Since my days as a doctoral student, the field of literacy and literacy education has expanded significantly. In fact, until recently, referring to literacy as a field or a discipline was not commonplace. Today, however, literacy studies—under a variety of names—can be found at most major universities across the United States. Accompanying this ongoing expansion of the domain of literacy—as well as promoting it—has been an evolution of our understanding of literacy itself. I entered graduate school when cognition was all the rage, having recently supplanted or at least overshadowed the linguistic revolution for those of us with an interest in text processing. Since leaving graduate school as a student and returning as a faculty member, literacy has continued to evolve from a language process to an act of cognition, and currently, to a sociocultural expression. What has been lacking in this evolutionary process, however, is a synthesis of what we know—or at least what we think we know—literacy to be. Too often, each new view of literacy has replaced rather than extended and reformulated prior views. Conceptualizing literacy in a more harmonic and holistic manner, therefore, is the primary goal of this book.

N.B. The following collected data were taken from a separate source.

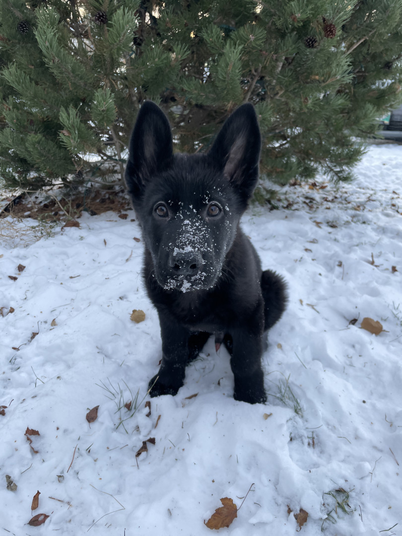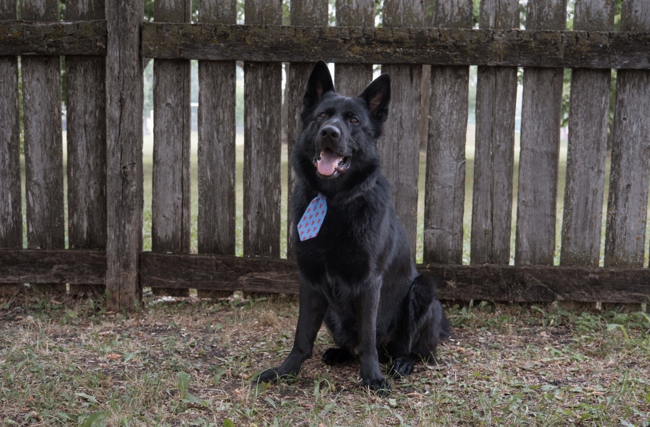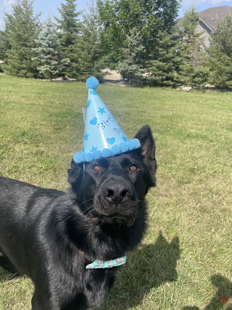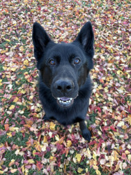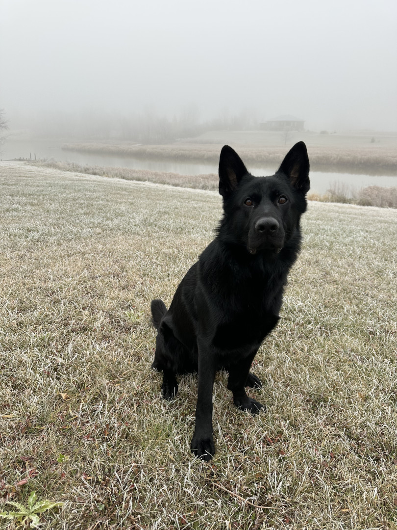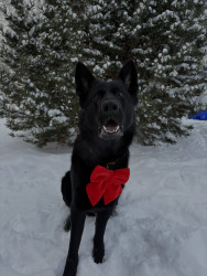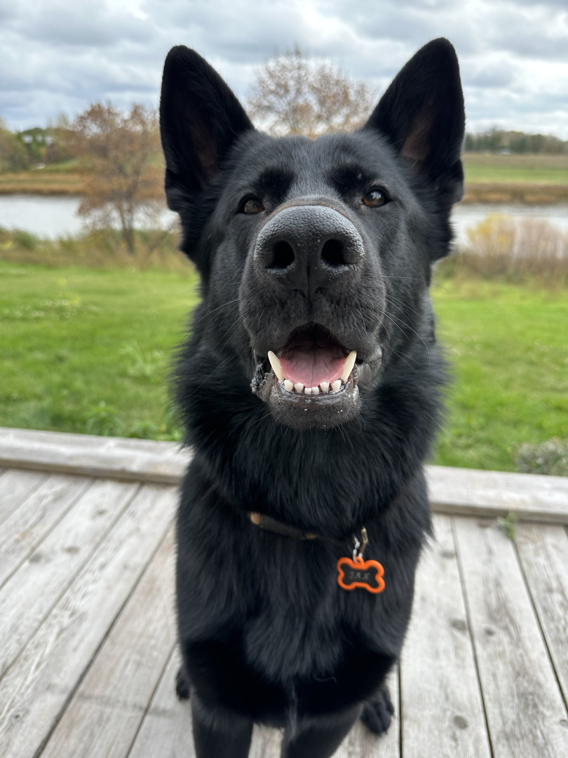 Jax is a black German shepherd Labrador who loves to play outside and howls when it comes to wolf videos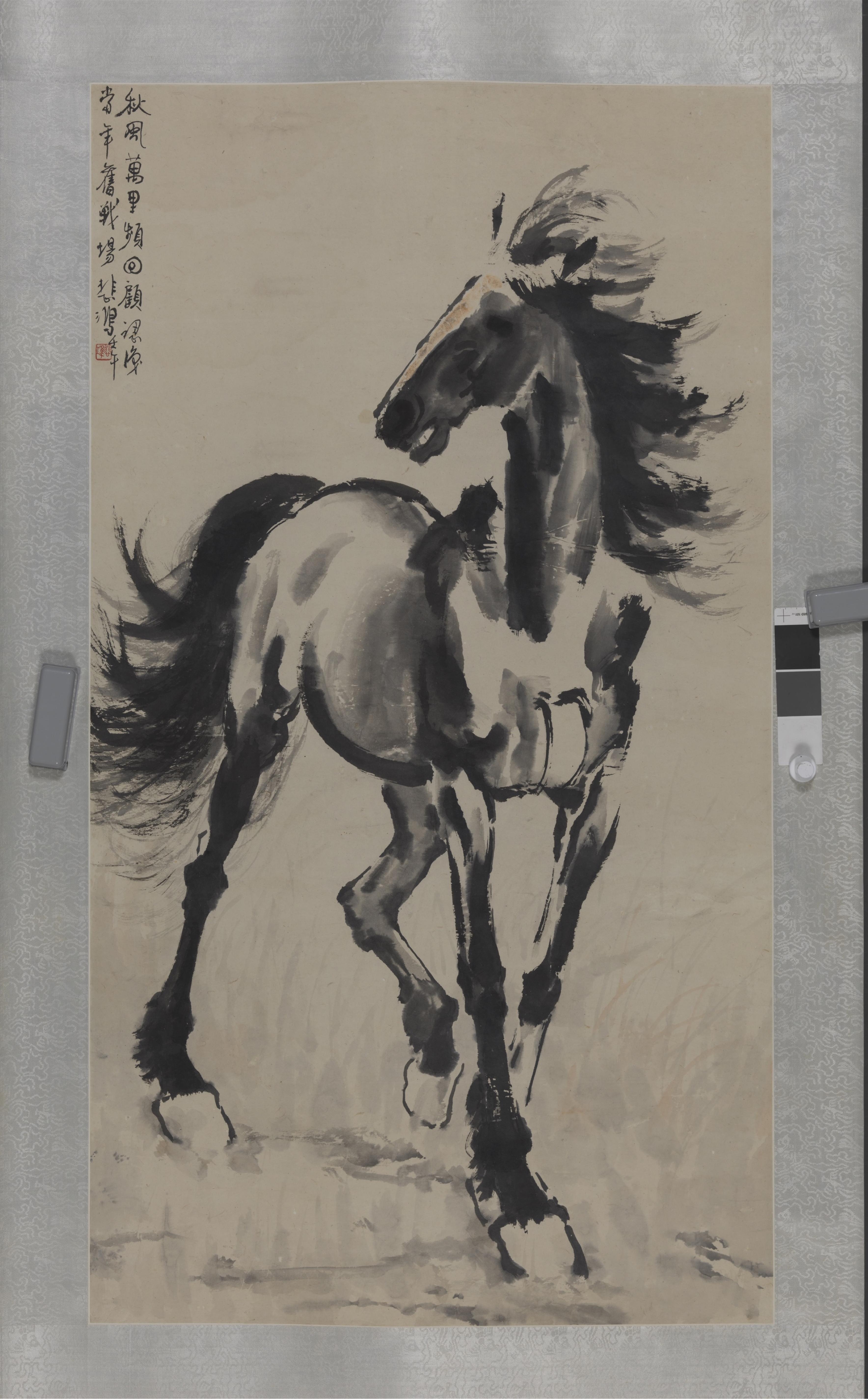 一代大师徐悲鸿开创性地将西画的光影、严谨造型,以及明暗关系融入中国画笔墨,创作了这幅《战马》,用写意形式呈现,完善并严谨了中国画造型。借瘦骨嶙峋却昂扬、有嘶吼感的战马形象,传递中国人奋力拼搏、不屈不挠的人文精神,体现其爱国情怀。至今看来,依然能让人感受到那种震撼人心的力量与豪情。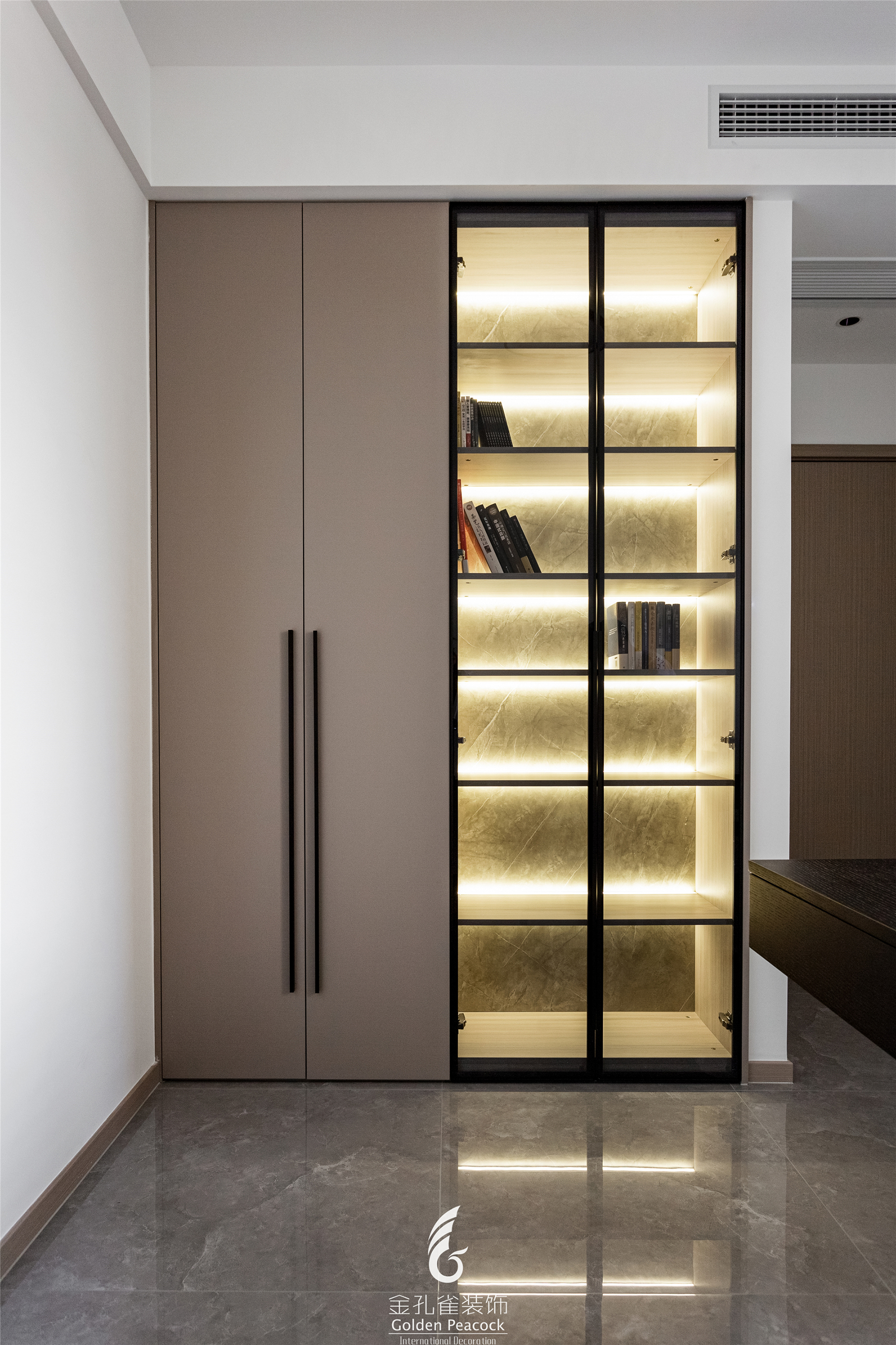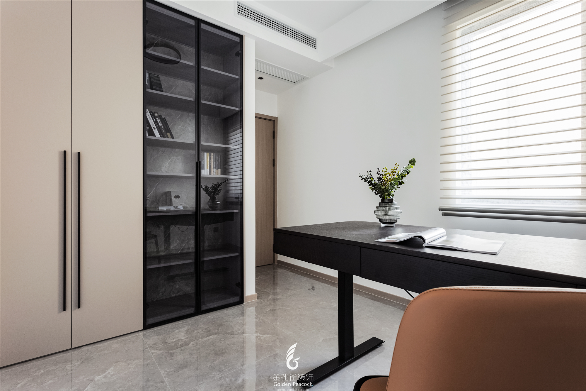 空间意境:浅灰色大理石大面积通铺整个地面,简约细腻的外表让空间看起来干净透亮,隐约透露出优雅的气息。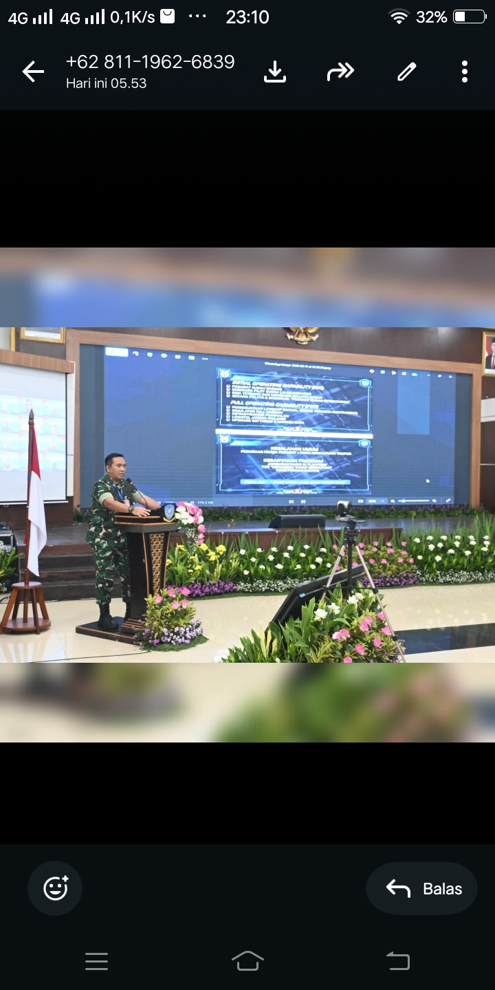 “Seiring dengan dinamika kebijakan sentralisasi anggaran dan pelaksanaan Harwat Alpahankam, maka diperlukan kesamaan pemahaman, pola pikir, pola sikap, dan pola tindak seluruh pemangku kepetingan, sehingga tercipta keselarasan dalam menjamin tercapainya tingkat kesiapan operasional dan _Full Operational Capability_ (FOC) Alpalhankam TNI AU”, ujar Kaskoopsudnas.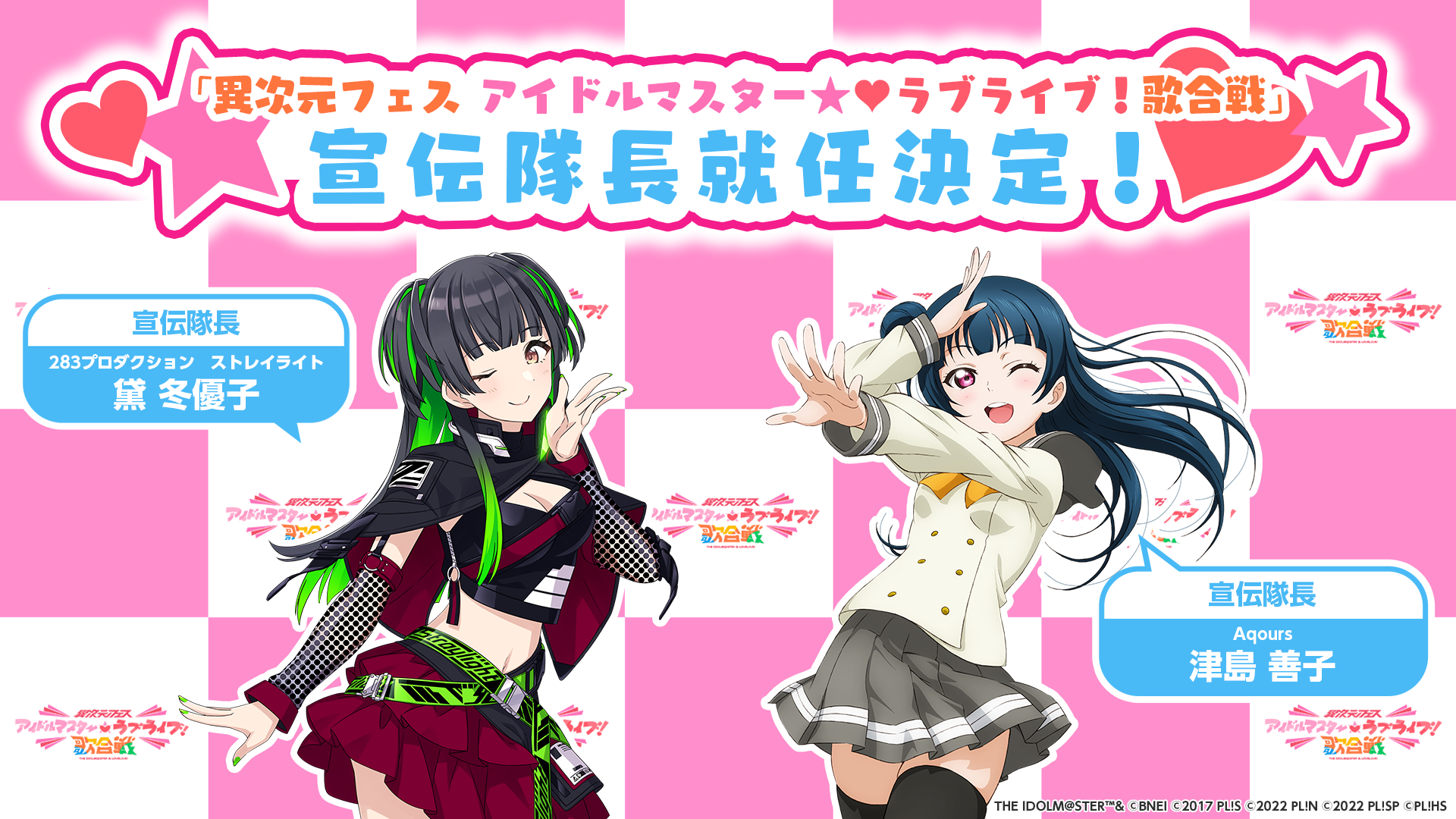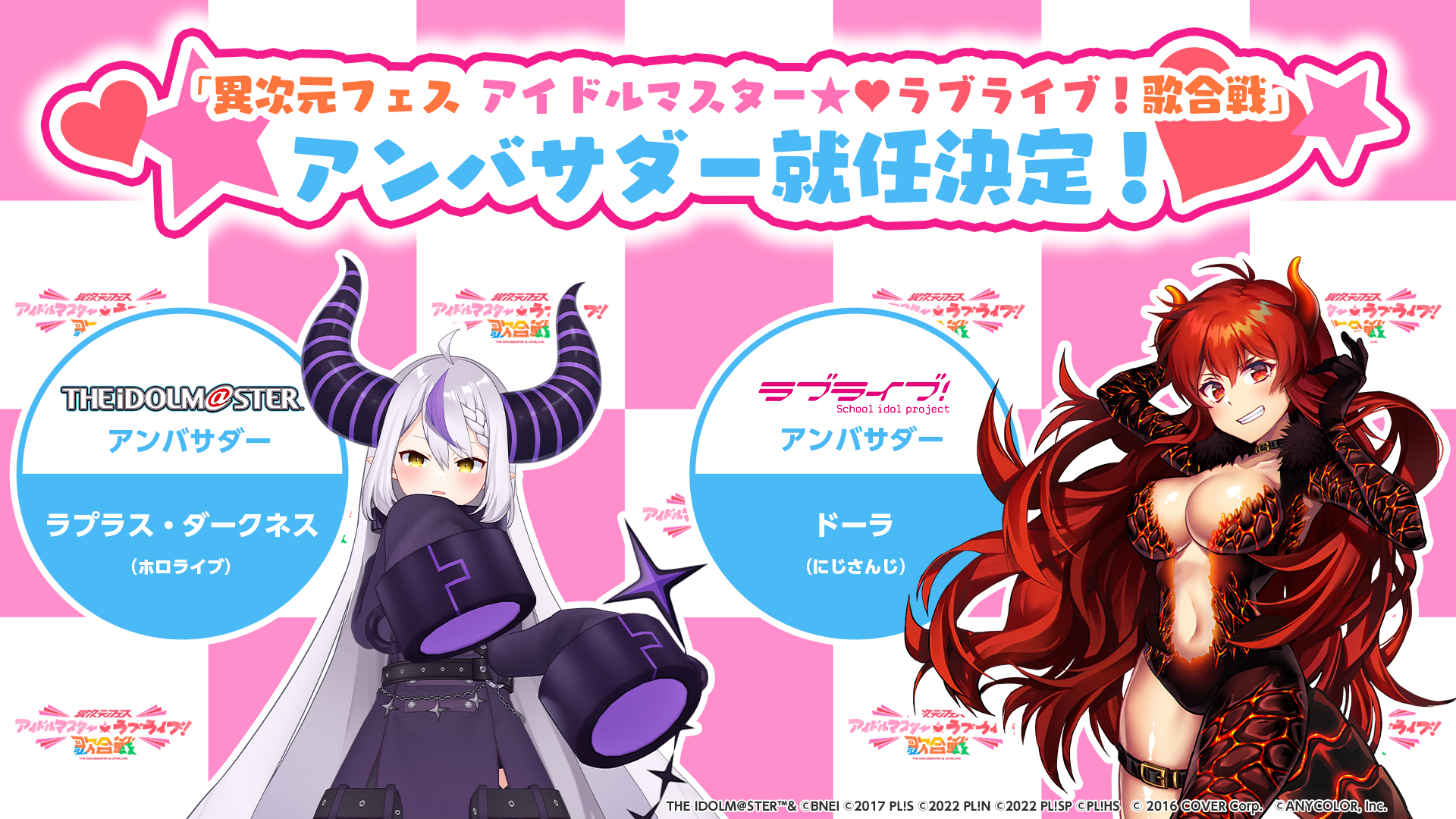 12月9日(土)・10(日)に東京ドームにて開催する「異次元フェスアイドルマスター★♥ラブライブ!歌合戦」の各シリーズからイベントを盛り上げる宣伝隊長として黛冬優子(『アイドルマスター』シリーズ)と津島善子 (『ラブライブ!』シリーズ)が就任、さらにホロライブ所属 ラプラス・ダークネス、にじさんじ所属 ドーラがアンバサダーとして就任することが発表された。ラプラス・ダークネスとドーラからのコメントも届いている。

Paradoxically, although this book highlights theory and research more than practice, teachers and teacher educators are its primary audience. Never in my lifetime have educational institutions, and teachers in particular, come under such scrutiny by the public. In many respects the standards movement, high-stakes testing, and leaving no children behind are holding classrooms hostage, determining what is taught, when it is taught, and how it is taught. If teachers of literacy are to have a voice in these policies, it is critical that they have an understanding of what literacy entails. Although politicians may understand literacy in reduced ways, teachers have an intuitive sense of the complexities of the literacy processes because they work with students who are reading and writing on a daily basis. This book attempts to make this teacher knowledge explicit and to more fully develop it.

The book is organized around four interrelated themes: linguistic, cognitive, sociocultural, and developmental. Each theme represents an aspect or dimension . . .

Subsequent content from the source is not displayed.